Five Council Members Bob Blumenfield, Ysabel Jurado, Tim McOsker, Katy Yaroslavsky and Raman appeared in person to convey a similar message saying they were worried that the county would deal a fatal blow to Lahsa that would undermine their own efforts to fight homeless people. The city is already in a state of financial crisis and faces a budget shortage of less than $1 billion.

Raman said she and other council members had run for Measure A, encouraging Los Angeles residents to increase their sales taxes.

“I strongly believe that if these voters knew they didn’t move into the county from the city’s input and partnerships,” she said.

For Lahsa, founded in 1993, the decision will generate a financial earthquake as part of its efforts to ensure more collaborative work in homelessness. The county provides the largest share of Lahsa $875 million per year According to the agency’s website, that’s 40%, about $348 million. LAHSA officials said the vast majority of the county’s funds will go to new institutions.

Holvas said the county will soon flush with measures of income and cannot continue to maintain the status quo. She said that homelessness programs combined with multiple county departments will “fundamentally change supervision and accountability.”

The new agency will model based on housing from the county’s Department of Health Services’ health program, which Hovas calls “the most successful program of anything done in the county so far.” The initiative has a high success rate, she said, allowing people to enter permanent housing and retain their housing.

The program director Sarah Mahin told Supervisor Sarah Mahin on Tuesday that 2012 began in 2012 to accommodate homeless people who rotated in the county’s public hospital. Since then, it has expanded to more than 600 workers and an annual budget of $875 million.

The program includes homeless outreach teams, financial assistance for tenants at risk of eviction and funding for approximately 3,200 temporary housing beds.

“We can do big things – effective things,” Hovas said. “The health engineering housing, the supervisory committee created it.”

Donyielle Holley, director of homeless programs in Pomona City, welcomed the changes, saying they will ensure that homeless service systems are “responsible for the needs of all stakeholders.”

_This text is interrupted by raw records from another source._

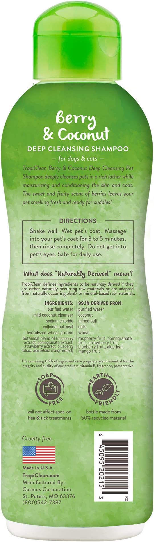 TropiClean Deodorizing Dog Shampoo for Smelly Pets, Long Lasting Odor Control, Puppy Safe, Made in the USA, Berry Scent, Cat Friendly, 20oz.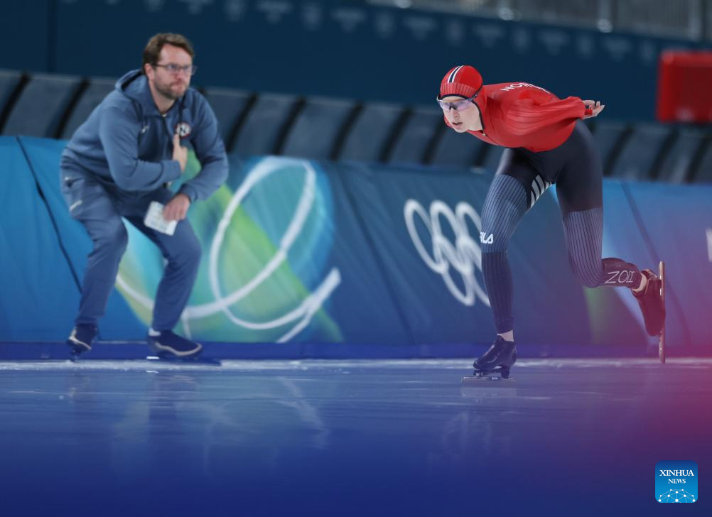Ragne Wiklund of Norway competes during the speed skating women's 5000m final at the Milan-Cortina 2026 Olympic Winter Games in Milan, Italy, Feb. 12, 2026. (Xinhua/Li Jing)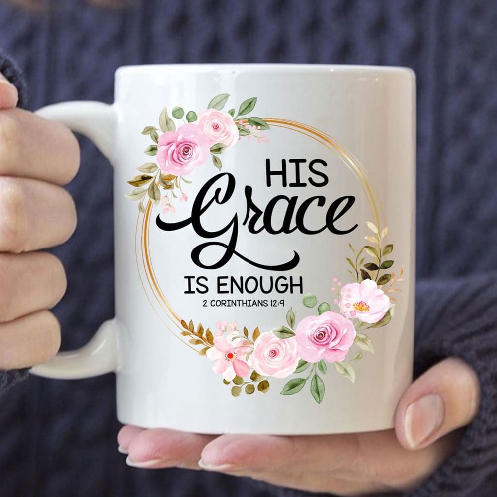 His Grace Is Enough 2 Corinthians 129, Floral Christian Coffee Mug, Christian Mug, Bible Mug, Faith Gift, Encouragement Gift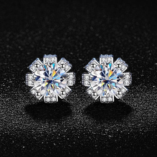 NEUJAHRS-SALEMOISSANITE DIAMANTEN 925 STERLING SILBERICED OUT MOISSANITE "FLOWER" WEISSGOLD 925S SILVER OHRRINGE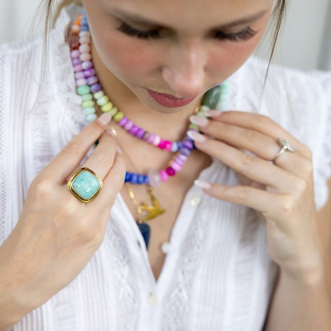 Amazonite Square Cocktail Ring set in 18k gold plated brass.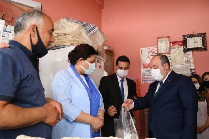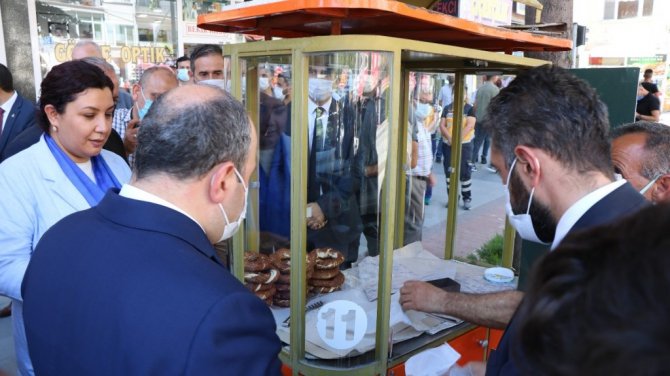 KIRŞEHİR (İHA) – Sanayi ve Teknoloji Bakanı Mustafa Varank, Kırşehir temasları kapsamında Kırşehir Valiliğini ziyaret ettikten sonra kendisini takip eden kamu personeline dondurma dağıtırken, Ahi esnafından da alışveriş yaptı.

“The county will be more responsible for voters who pass Measure A,” she said.

But the South Los Angeles area of ​​director Holly Mitchell extends from Koreatown to Carson, warning her colleagues that they are moving too quickly—no clear strategies to ensure that alternative agencies will perform better than Lahsa.

Mitchell tried to postpone the start date of the new agency, but still did not vote. She abstained from voting on the proposal itself.

Lahsa CEO Va Lecia Adams Kellum tried to shed light on her agency achievements over the past two years, just to let her microphone cut off her comments. Supervisor Kathryn Barger gave her 90 seconds, 30 more than the rest of the public.

Nathaniel Vergow, deputy chief program officer of Lahsa, told the board that he had spent his entire career ending homelessness and was willing to “explore any effort to move the needle meaningfully.”

“What I don’t understand, however, is the haste of the proposed strategy, the strategy of moving all services without a real plan,” he said. “The schedule is not a plan.”

Last summer, Lahsa reported that the county’s homeless people living on the streets (homeless people living on the streets) fell by about 5% across the county, and more than 10% of executives in La Lahsa have committed to reveal More progress In the next few weeks.

Critics say progress is too slow, especially in sharp contrast to the billions of dollars allocated. An audit commissioned by U.S. District Court Judge David O. Carter finds Lahsa Lack of adequate financial supervision To ensure that its contractors provide paid services, it makes the agency prone to waste and fraud.

Last week, Adams Kellum sent Carter a letter saying her agent was working to improve its operations. Carter has been monitoring a case involving homeless services, and his response is to call these promises “meaningless.”

Bagh said she and her colleagues “don’t want to get out of Lhasa.” She assured that the new homeless department’s accountability will rest among five county supervisors.

“I could only speak for myself in Judge Carter’s court last week – it won’t get worse,” she said.